--- DATA EXTRACTS ---
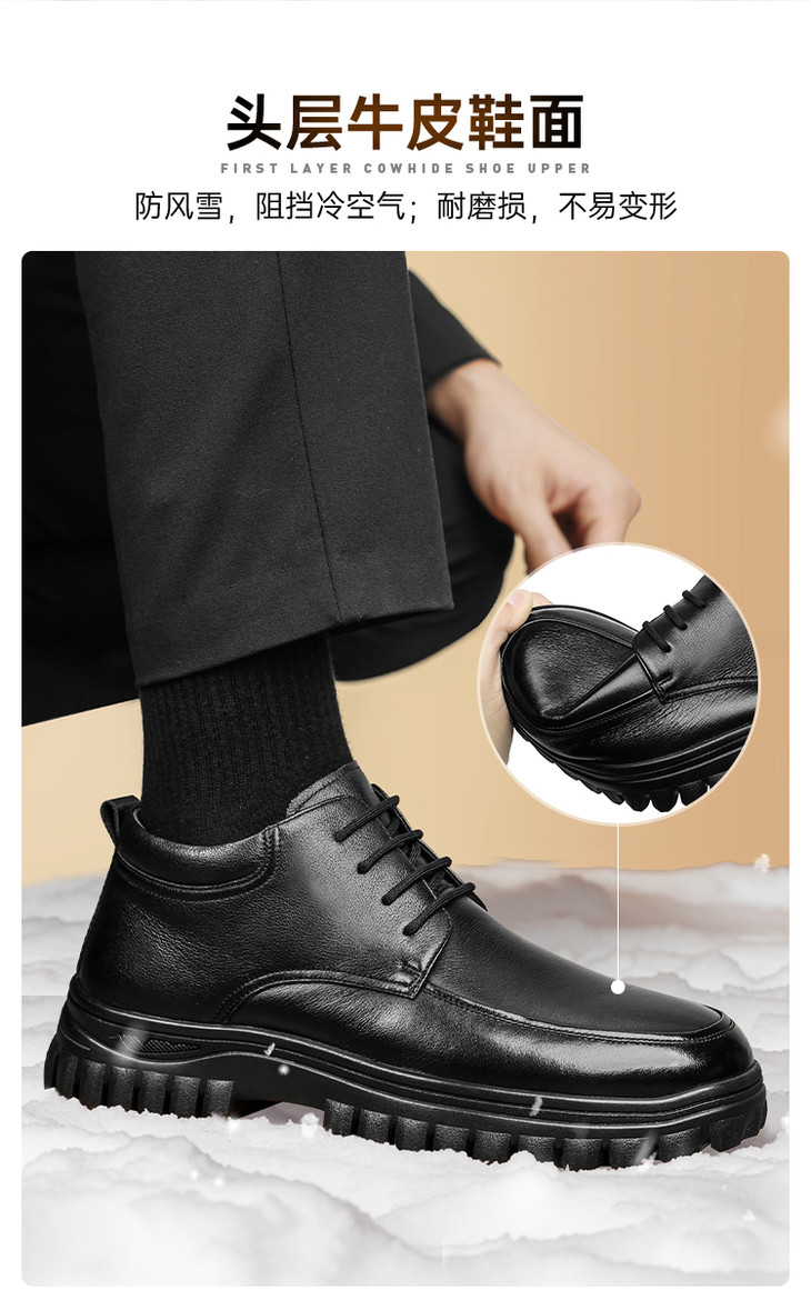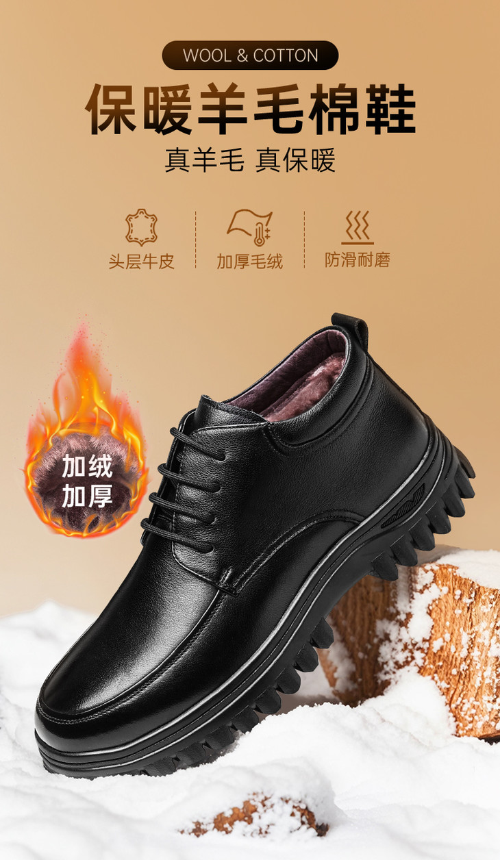 【牛皮系带保暖羊毛棉鞋】防风通勤棉鞋休闲加绒通勤鞋XM404
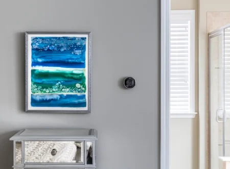 My personal preference for my home's art is rather abstract, modern art. If you prefer this too, look no farther than Linda Donahue. Her art draws inspiration from the San Francisco Bay area where she lives. “Request a custom order and have something made just for you”. I bought two of her beautiful paintings for my living room. Here is the beautiful result:
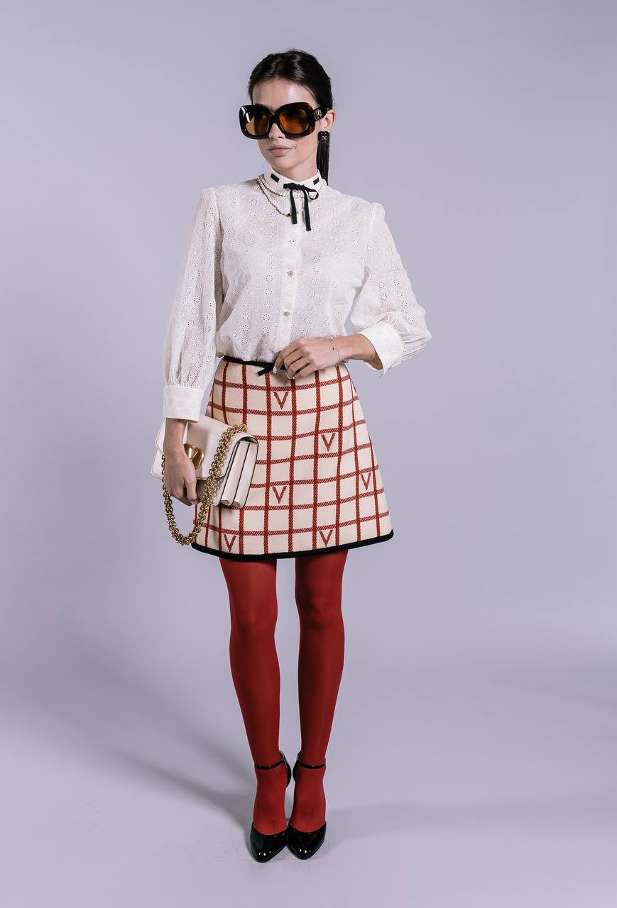 • Декор візерунок клітинка, монограма логотипа V, бант, контрастне окантування
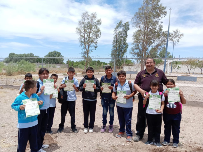 A los niños con mayor participación se les otorgó un árbol como obsequio y se les entregó una constancia de cada uno de ellos, con la finalidad de que se le otorgue un nombre y con el compromiso de cuidarlo en la escuela, el cual ahí mismo se planto.
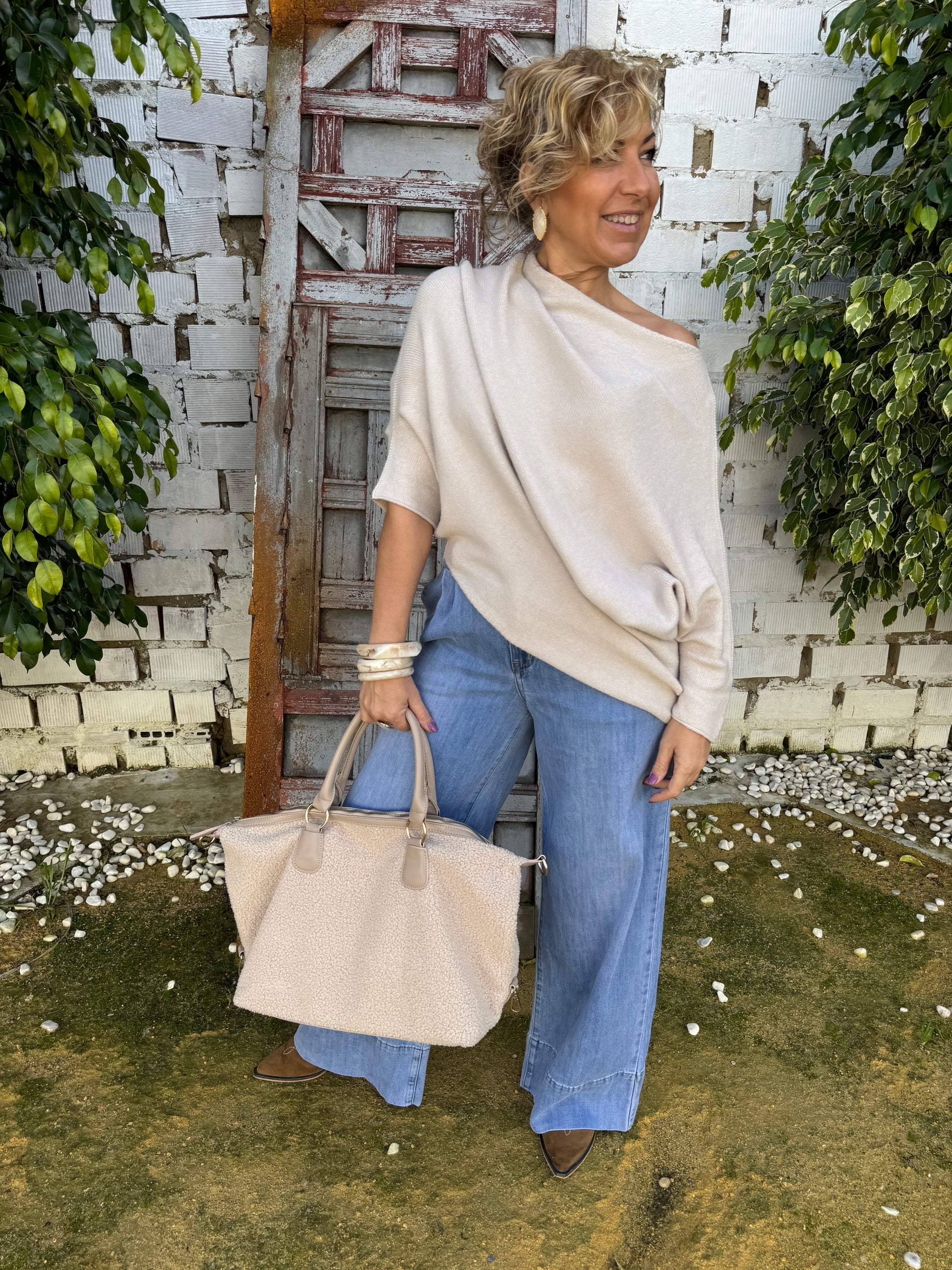El bajo de este pantalón denim tiene el bajo con costura ancha.

--- WORK INSTRUCTIONS ---
Produce the lines from the first line of the entries through the line that contains "бант, контрастне окантування", exactly, leaving the pictures behind.

--- OUTPUT OF THE EXERCISE ---
 【牛皮系带保暖羊毛棉鞋】防风通勤棉鞋休闲加绒通勤鞋XM404
 My personal preference for my home's art is rather abstract, modern art. If you prefer this too, look no farther than Linda Donahue. Her art draws inspiration from the San Francisco Bay area where she lives. “Request a custom order and have something made just for you”. I bought two of her beautiful paintings for my living room. Here is the beautiful result:
 • Декор візерунок клітинка, монограма логотипа V, бант, контрастне окантування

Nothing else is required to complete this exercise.